Strengths: - This paper formally defines the consistency of a classifier and investigates the benefits of ensemble approaches for improving consistency. The concept of consistency has been discussed, but not many works have systemically defined it and performed a theoretical and empirical assessment of it. This is an interesting and timely appropriate problem for improving the trustworthiness of DL. - The proposed method is intuitive and built on clear theoretical motivation.

Weaknesses: - The proposed method is not significantly powerful than the ExtBagging in terms of accuracy and consistency. - In table 2, ACC and CON seem to be correlated with each other. Comparison with methods having similar accuracy with DynSnap but significantly lower consistency than DynSnap will be more interesting and help to support the usefulness of the consistency measure. Based on the current experimental results itself, CON seems to be redundant in evaluating ensemble approaches because ACC and CON seem to be correlated.

Correctness: Yes.

Clarity: Yes. This paper is very well written. - New terms are clearly defined. - The scope of the paper is well clarified.

Relation to Prior Work: Yes.

Reproducibility: Yes

Additional Feedback: - Generalization of consistency: Do the theoretical findings work correctly when any other distance measure is used to define consistency? Minor: (1) Table 2: Bold the highest hits (2) Provide more details about the replication results. How many replications did the author perform?


Review 4

Summary and Contributions: The paper formally defines and studies ‘consistency’ and ‘correct-consistency’ in the context of periodic retraining of deployed model where the outputs from successive generation might not agree on the correct labels assigned to the same input. Authors presents an ensemble-based technique to improve ‘consistency’ and ‘correct-consistency’, provide a theoretical explanation and validate the proposed approach on several datasets.
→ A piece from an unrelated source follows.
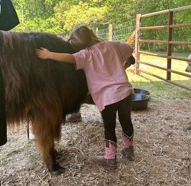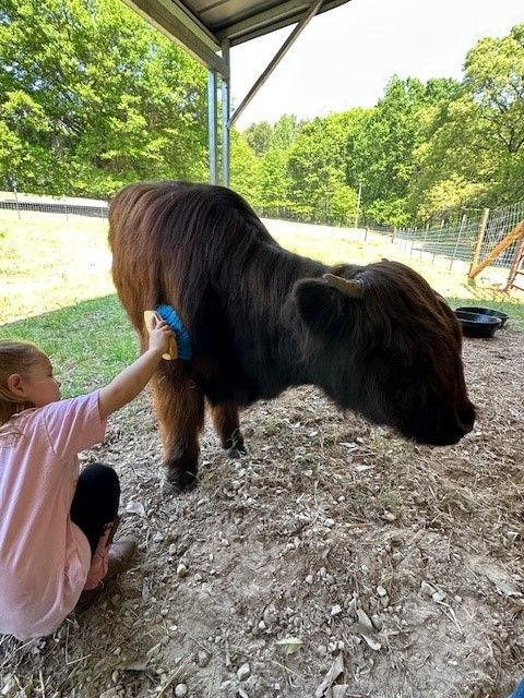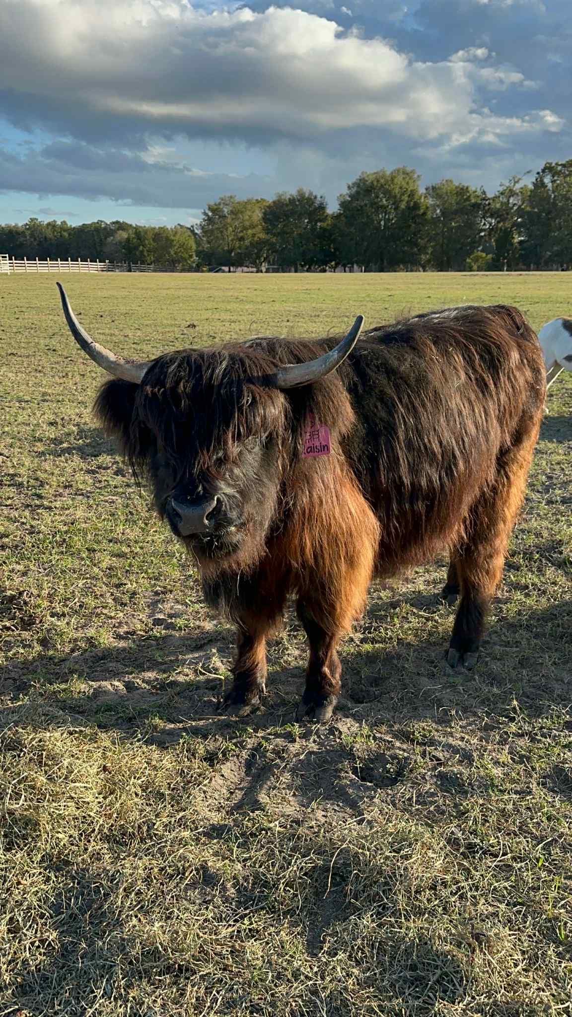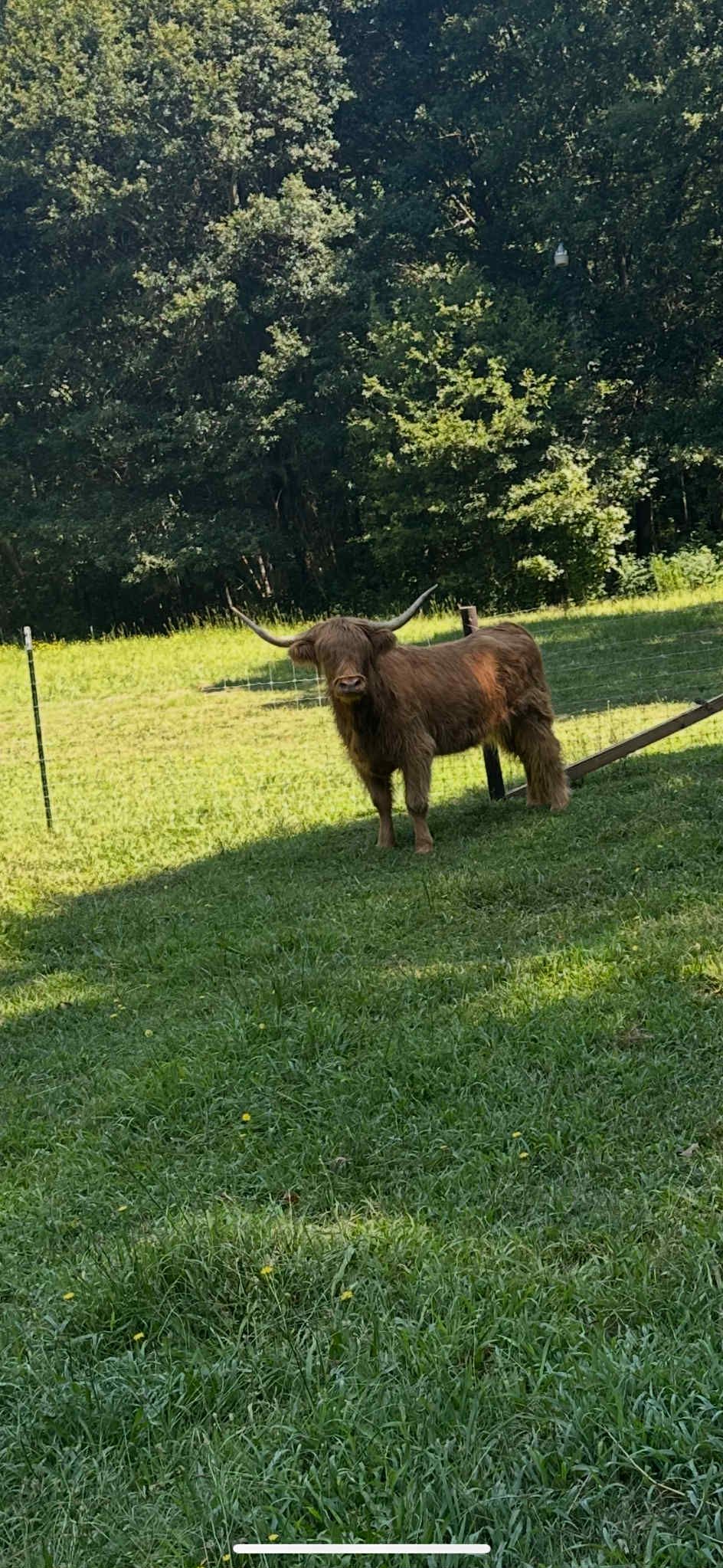 MayBel is a thoughtful Highland heifer with a quiet charm and a naturally observant nature. She tends to take her time, often watching from the sidelines before choosing to engage—but when she does, her curiosity and spirited personality shine through. Her halter training is progressing well, and she’s responding with patience and growing confidence, showing great potential for future handling and interaction.

Strengths: The paper formally defines and tackles the ‘consistency’ and ‘correct-consistency’ of a model over successive generation. It is an important problem to solve since consistent model behavior is important to increase user’s trust. These terms are well defined with appropriate examples. Author gives a theoretical justification of why ensemble-based techniques increase ‘consistency’ and ‘correct-consistency’ and validate these theorems by extensive experiments on three datasets. Based on the theoretical justification authors propose a novel ensemble-based technique to improve ‘correct-consistency’ and compared to a bagging approach in which ensemble models are trained from the scratch with random initialization and shuffle of the data. The proposed approach is able to achieve comparable correct-consistency with much lesser training time.

Weaknesses: Motivation behind some parts of the proposed approach is not clearly mentioned. For example, it is not mentioned why having learning rate scheduling was important. Also, having an ablation to understand contribution of these component might help in understanding the proposed approach better. Authors did not discuss how does the theoretical justification work in a setting where training data distribution changes over successive model generations. In empirical evaluation they have taken this factor into the account though.

Correctness: The claims and empirical methodology used in the paper are correct.

Clarity: The paper is well written and the proposed technique and experimentations are easy to understand.

Relation to Prior Work: There is not much prior work in the direction of ‘correct-consistency’ but authors do mention related prior work related to reproducibility and ensemble-based approaches in deep learning.